These inconsistencies were also reflected in a meta-analysis by Fanti et al. (2019), in which pooled results of case-control studies showed that RSA was reduced during emotional tasks in children with conduct problems compared to those without. However, no such pooled link between RSA and conduct problems was found in correlational studies. In their recent review, Beauchaine and Bell (2020) suggest that these inconsistencies may be due to high variability in the psychophysiological methods used across studies, including in the statistical approaches used to measure physiological change and in the types or contexts of tasks used to elicit RSA reactivity.

Theoretically, it would be reasonable to expect that higher physiological arousal would be closely linked to more externalizing difficulties. However, children with externalizing tendencies may also experience a blunted physiological response to certain emotional stimuli (e.g., in response to the fear shown by victims), reflecting atypicalities in the regulation and processing of important social cues gleaned from emotional information (Colasante et al., 2021). Thus, children with externalizing difficulties may not only be disinhibited in their own emotional and aggressive tendencies, but also inhibited in their capacity to respond to others’ emotional expressions and responses in social situations (e.g., Marsh et al., 2008). Echoing Beauchaine and Bell’s (2020) discussion, the mixed findings in extant literature reviewed above suggest that there may be a previously unconsidered approach that better captures the role of physiological dysregulation in childhood externalizing behavior.
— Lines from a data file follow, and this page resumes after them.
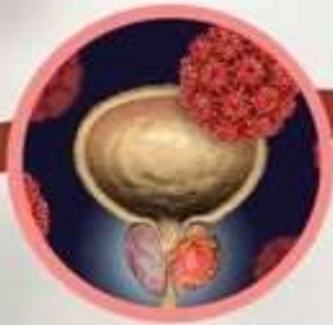
มะเร็งต่อมลูกหมาก
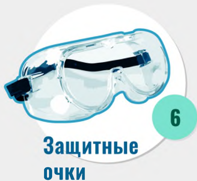
6 Защитные очки
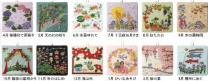
4月 雛雛花で雨降り 5月 天の川の新や 6月 水田ゆれて 7月 十五夜お月さま 8月 秋たわわ 9月 木の葉時雨 10月 藍染の藍朝がら 11月 年のはじめ 12月 鬼は外 1月 ひいなあそび 2月 桜の宴 3月 春先に氷

可愛らしい季節を彩り飾る「なつめ(しつらい)」を、今の暮らしに合わせたお洒落やかなデザインに、刺して飾って、身近に楽しむ「しつらい」をはじめましょう

Physiological Fluctuations as a Marker of Dysregulation

In the present study, we propose that an examination of intra-individual fluctuations in physiological data across a rapid array of data points, sequentially unfolding across seconds, may provide regulatory information not available from traditional approaches focused on mean-level data. The mixed findings from previous research have been largely derived from mean levels of physiological response, which average variability. Fluctuations lost in such approaches may actually reveal the dynamic physiological processes underlying dysregulation. Dysregulation is not static, but rather is inherently characterized by moment-to-moment variability in response to unfolding situations (Beauchaine & Bell, 2020). Thus, it may be best captured through intensive longitudinal measurement of physiology across short time scales that allows for consideration of the fluctuations connecting data points within children, rather than averaging absolute scores across data points and assuming that children’s resulting mean-level physiology relative to others’ levels are indicative of dysregulation. The same argument may be applied to assessing simple mean-level changes in physiology from one time point to another (i.e., physiological change or reactivity scores); such approaches often dilute meaningful variability within each time period when constructing the change score.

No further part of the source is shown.